Ao contrário das gerações anteriores, que se mantinham no emprego em busca de estabilidade, as novas gerações levam em conta cada vez mais a saúde mental como fator de escolha de trabalho.


Esse movimento de renúncia requer muitas reflexões sobre o que as pessoas tem buscado ao trabalhar numa empresa, já que as possibilidades na internet também aumentaram para quem deseja atuar de forma autônoma. No meio de tanta informação e cada vez mais a ampliação de tecnologias, levar em conta a humanização tem sido essencial nas empresas.


É possível pensar então na melhoria do mercado de trabalho? É o momento das empresas pensarem em novas formas de sociabilidade, remuneração, treinamento e plano de carreira como fatores primordiais. Para além do salário (que também é importante, diga-se de passagem) as pessoas também querem ser ouvidas e reconhecidas. O movimento da Grande Renúncia veio para mostrar que se faz urgente repensar o que é feito na rotina, no crescimento e no bem estar das pessoas.

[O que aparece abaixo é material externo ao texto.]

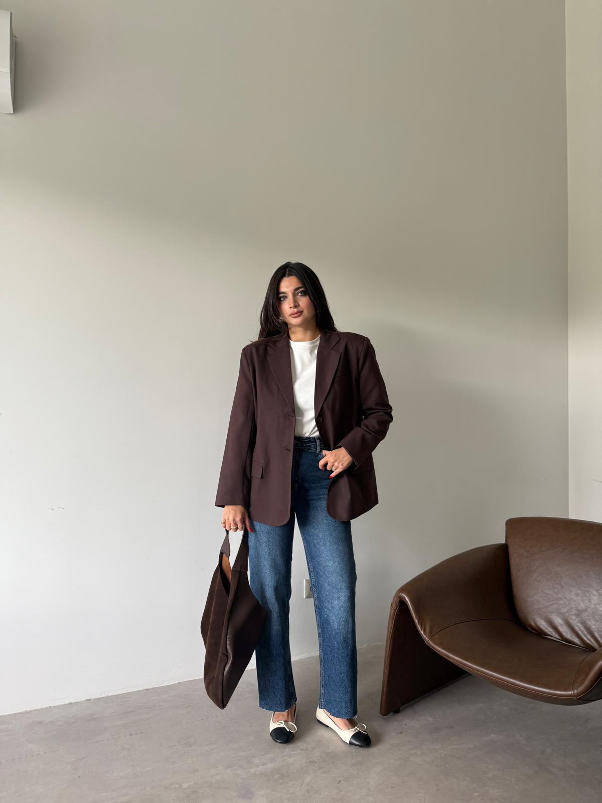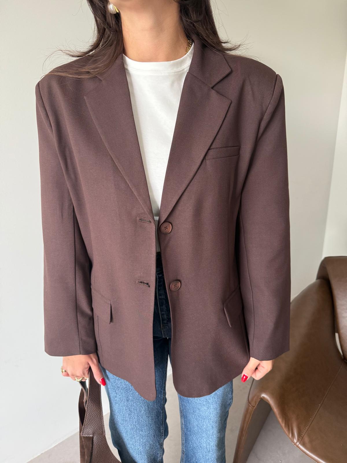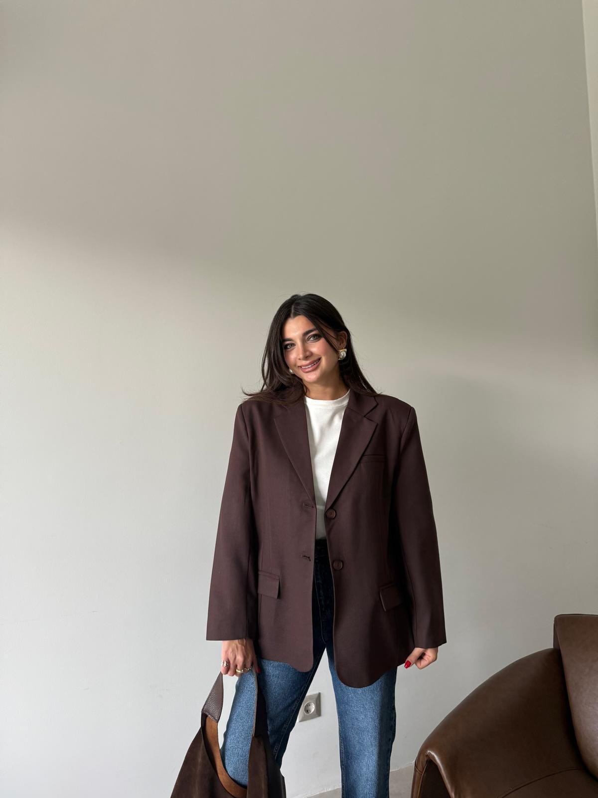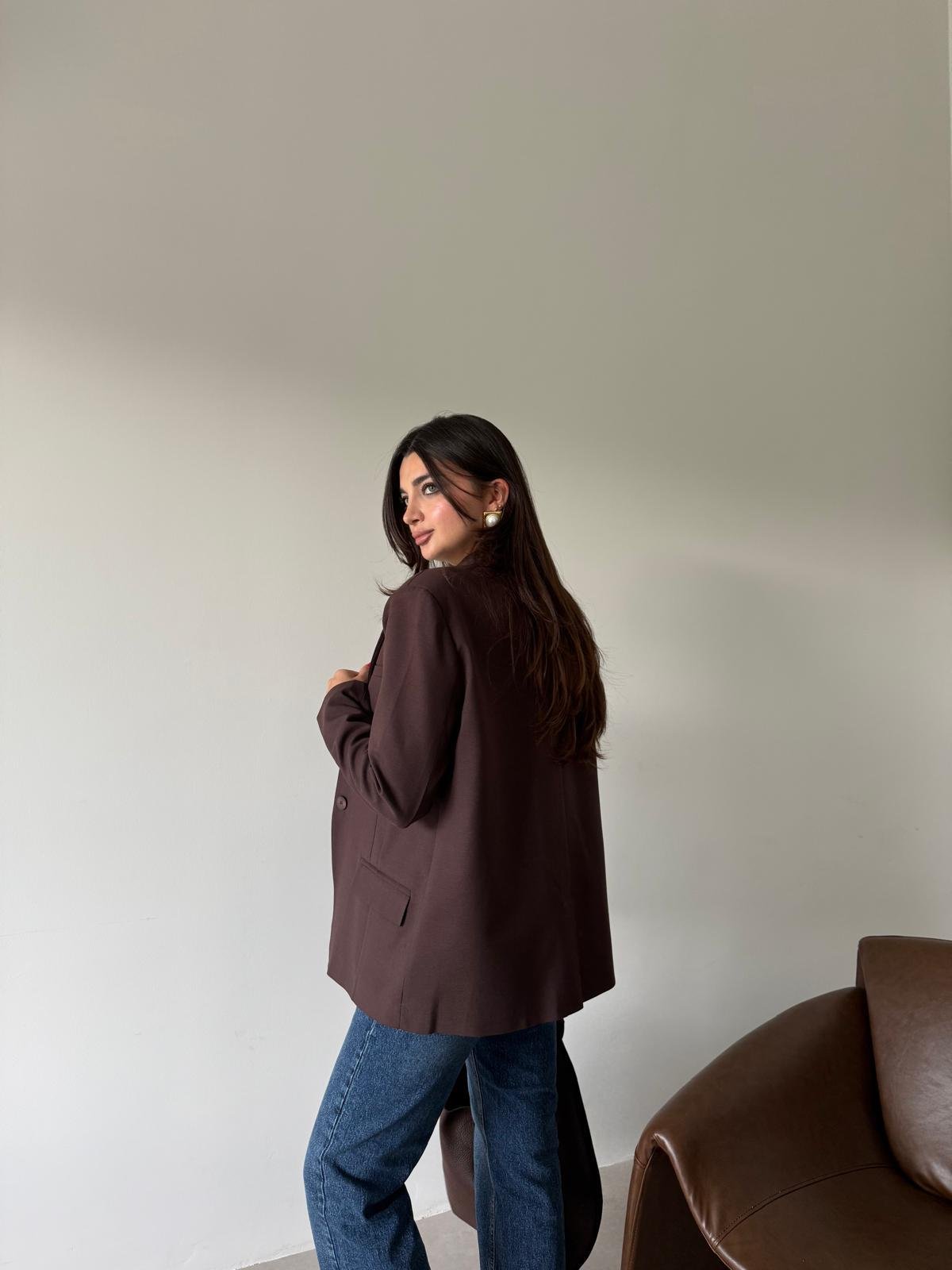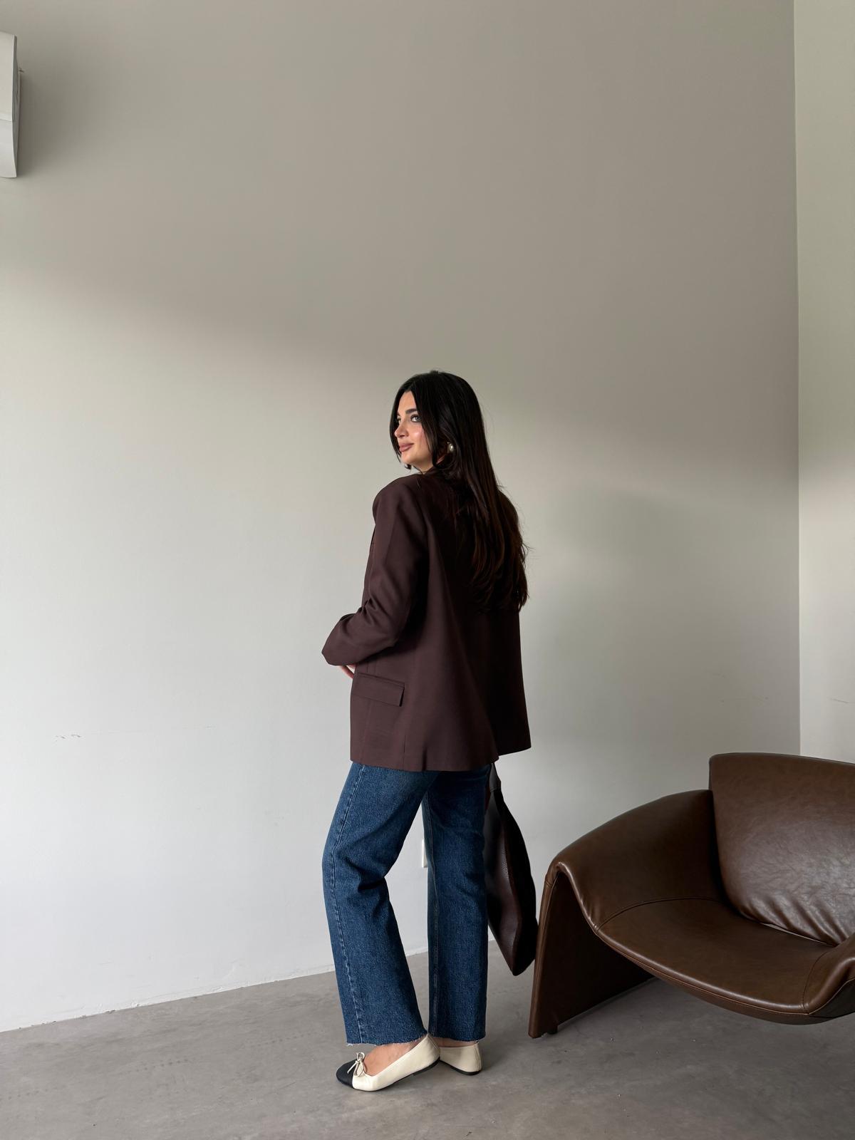 Kahve Pens Detaylı Blazer Ceket (14136)

Para as empresas fica a necessidade de reforma estrutural, enquanto para as pessoas surgem os questionamentos e reavaliação das suas escolhas de carreira. E você, já reconsiderou seu emprego atual por um destes motivos, ou chegou a participar desse movimento assim como eu?


Afinal, no fundo de tudo isso, todo mundo só quer ser feliz, acreditar no que realiza, e viver tranquilamente não é mesmo?!